#### Your objective:
Could you retype the lines below, starting at the line holding "Specific methane potential" and stopping at the line holding "Fingerprint Gun Safe: Quick-access", inclusive? Copy them exactly and drop the images.

#### Data for the task:

-------

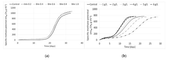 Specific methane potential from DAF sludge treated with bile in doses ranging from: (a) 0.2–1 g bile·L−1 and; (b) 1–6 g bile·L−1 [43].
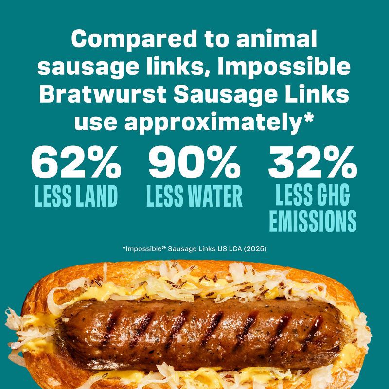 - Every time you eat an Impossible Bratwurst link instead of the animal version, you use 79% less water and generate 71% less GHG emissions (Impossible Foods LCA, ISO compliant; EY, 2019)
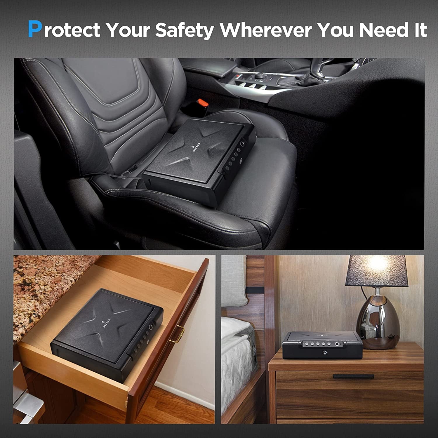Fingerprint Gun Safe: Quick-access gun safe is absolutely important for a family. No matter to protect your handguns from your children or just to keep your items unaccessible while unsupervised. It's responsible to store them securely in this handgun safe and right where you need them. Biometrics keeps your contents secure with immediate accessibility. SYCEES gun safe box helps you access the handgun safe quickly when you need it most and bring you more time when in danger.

-------

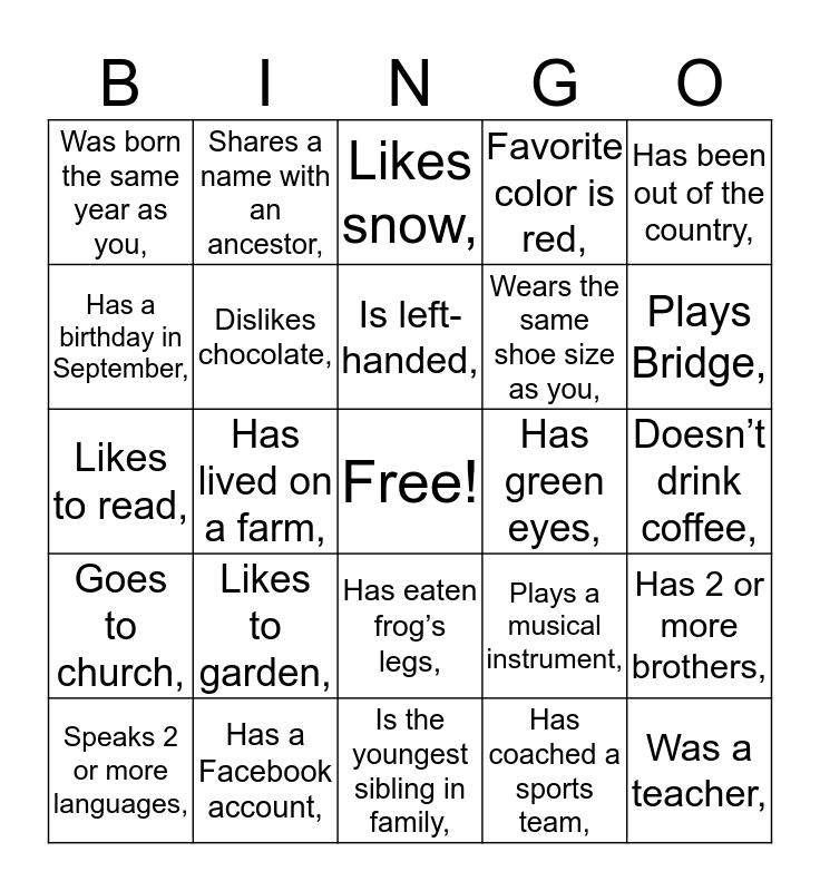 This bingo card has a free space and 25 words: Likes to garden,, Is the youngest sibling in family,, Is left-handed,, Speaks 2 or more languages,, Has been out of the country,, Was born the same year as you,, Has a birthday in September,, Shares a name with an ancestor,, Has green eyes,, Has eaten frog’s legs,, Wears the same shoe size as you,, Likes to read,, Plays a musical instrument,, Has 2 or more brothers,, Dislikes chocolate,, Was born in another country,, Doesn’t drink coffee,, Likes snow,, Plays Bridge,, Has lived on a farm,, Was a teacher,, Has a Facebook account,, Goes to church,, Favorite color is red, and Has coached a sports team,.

-------

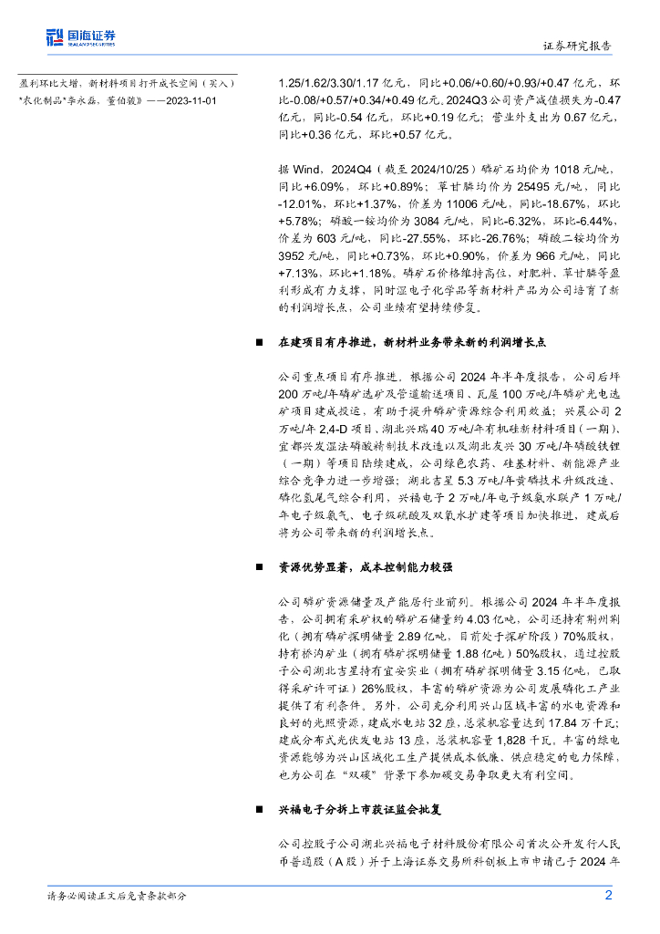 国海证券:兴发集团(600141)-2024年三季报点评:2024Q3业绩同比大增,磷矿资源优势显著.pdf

-------

#### Result of this task:
 Specific methane potential from DAF sludge treated with bile in doses ranging from: (a) 0.2–1 g bile·L−1 and; (b) 1–6 g bile·L−1 [43].
 - Every time you eat an Impossible Bratwurst link instead of the animal version, you use 79% less water and generate 71% less GHG emissions (Impossible Foods LCA, ISO compliant; EY, 2019)
Fingerprint Gun Safe: Quick-access gun safe is absolutely important for a family. No matter to protect your handguns from your children or just to keep your items unaccessible while unsupervised. It's responsible to store them securely in this handgun safe and right where you need them. Biometrics keeps your contents secure with immediate accessibility. SYCEES gun safe box helps you access the handgun safe quickly when you need it most and bring you more time when in danger.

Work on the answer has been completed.